ARTICOLO 9 Composizione di controversie tra investitori e Parti' Contraenti 1. Le controversie che dovessero insorgere tra una Parte Contraente e gli investitori dell'altra Parte Contraente in merito agli investimenti, incluse quelle sull'importo degli indennizzi, saranno, per quanto possibile, composte in via amichevole. 2. Nel caso in cui l'investitore ed un'entita' di una delle Parti abbiano stipulato un accordo di investimento, si applichera' la procedura in esso prevista. 3. Qualora tali controversie non possano essere risolte amichevolmente, o nel quadro di un accordo di investimento, entro sei mesi dalla data della inchiesta di composizione inviata per iscritto, l'investitore interessato potra', a sua scelta, sottoporle: a) al Tribunale della Parte Contraente competente per territorio; b) ad un Tribunale Arbitrate ad hoc, in conformita' con il Regolamento arbitrale della Commissione delle Nazioni Unite sul diritto commerciale internazionale (UNCITRAL) e la Parte Contraente sul cui territorio l'investimento e' stato effettuato si impegna ad accettare il lodo di tale Tribunale Arbitrale. c) al Centro Internazionale per la composizione delle controversie relative agli investimenti, per l'applicazione delle procedure arbitrali di cui alla Convenzione di Washington del 18 marzo 1965 sulla composizione delle controversie relative agli investimenti fra Stati e cittadini di altri Stati, se o non appena ambedue le Parti Contraenti vi abbiano acceduto. 4. Le due Parti Contraenti si asterranno dal trattare per via diplomatica le questioni attinenti ad una procedura arbitrale o a procedimenti giudiziari in corso finche' tali procedure non siano concluse ed una delle Parti Contraenti non abbia ottemperato al lodo del Tribunale Arbitrale o alla sentenza di altro Tribunale entro i termini prescritti dal lodo o dalla sentenza, ovvero entro quelli determinabili in base alle disposizioni di diritto internazionale o interno applicabili alla fattispecie.

Accordo - art. 10

ARTICOLO 10 Regolamento delle Controversie tra le Parti Contraenti 1. Ogni controversia che dovesse insorgere tra le Parti Contraenti sull'interpretazione del presente Accordo dovra' essere, per quanto possibile, amichevolmente composta per via diplomatica. 2. Nel caso in cui tali controversie non possano essere composte entro i sei mesi successivi alla data in cui una delle Parti Contraenti ne abbia fatto richiesta scritta all'altra Parte Contraente, esse verranno, su iniziativa di una delle Parti Contraenti, sottoposte ad un Tribunale Arbitrale ad hoc in conformita' alle disposizioni del presente Articolo. 3. Il Tribunale Arbitrale verra' costituito nel modo seguente: entro due mesi dalla data di ricezione della richiesta di arbitrato, ciascuna delle due Parti Contraenti nominera' un membro del Tribunale.

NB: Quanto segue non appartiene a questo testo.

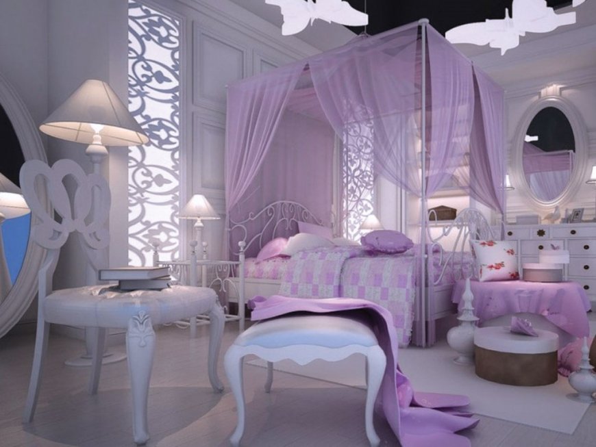 Романтический стиль станет отличным решением для юной мечтательной особы. Помимо светлых тонов для спальни в фиолетовом цвете можно использовать фуксию. Стены при этом желательно оклеить однотонными пастельной гаммы, а яркий акцент сделать при помощи и таких , как покрывала и подушки.

Il Presidente sara' nominato entro tre mesi dalla data di nomina dei due membri predetti. 4. Se entro i termini di cui al paragrafo 3 del presente Articolo, le nomine non saranno ancora state effettuate, ognuna delle due Parti Contraenti, in mancanza di diverse intese potra' richiedere la loro effettuazione al Presidente della Corte Internazionale di Giustizia. Qualora questi sia cittadino di una delle Parti Contraenti, ovvero per qualsiasi motivo non gli fosse possibile procedere alle nomine, ne verra' fatta richiesta al Vice Presidente della Corte. Nel caso in cui il Vice Presidente sia cittadino di una delle Parti Contraenti, o per qualsiasi motivo non possa effettuare le nomine, verra' invitato a provvedere il membro della Corte internazionale di Giustizia piu' anziano che non sia Cittadino di una delle Parti Contraenti. 5. Il Tribunale arbitrale decidera' a maggioranza e le sue decisioni saranno vincolanti. Entrambe le Parti Contraenti si accolleranno le spese del proprio arbitraggio e del proprio rappresentante alle udienze. Le spese del Presidente e quelle residuali saranno sopportato da entrambi le' Parti Contraenti in misura eguale. Il Tribunale Arbitrale stabilira' le proprie procedure.

Accordo - art. 11

ARTICOLO 11 Relazioni fra i Governi Le disposizioni del presente Accordo si applicheranno indipendentemente dalla esistenza o meno di relazioni diplomatiche o consolari fra le Parti Contraenti.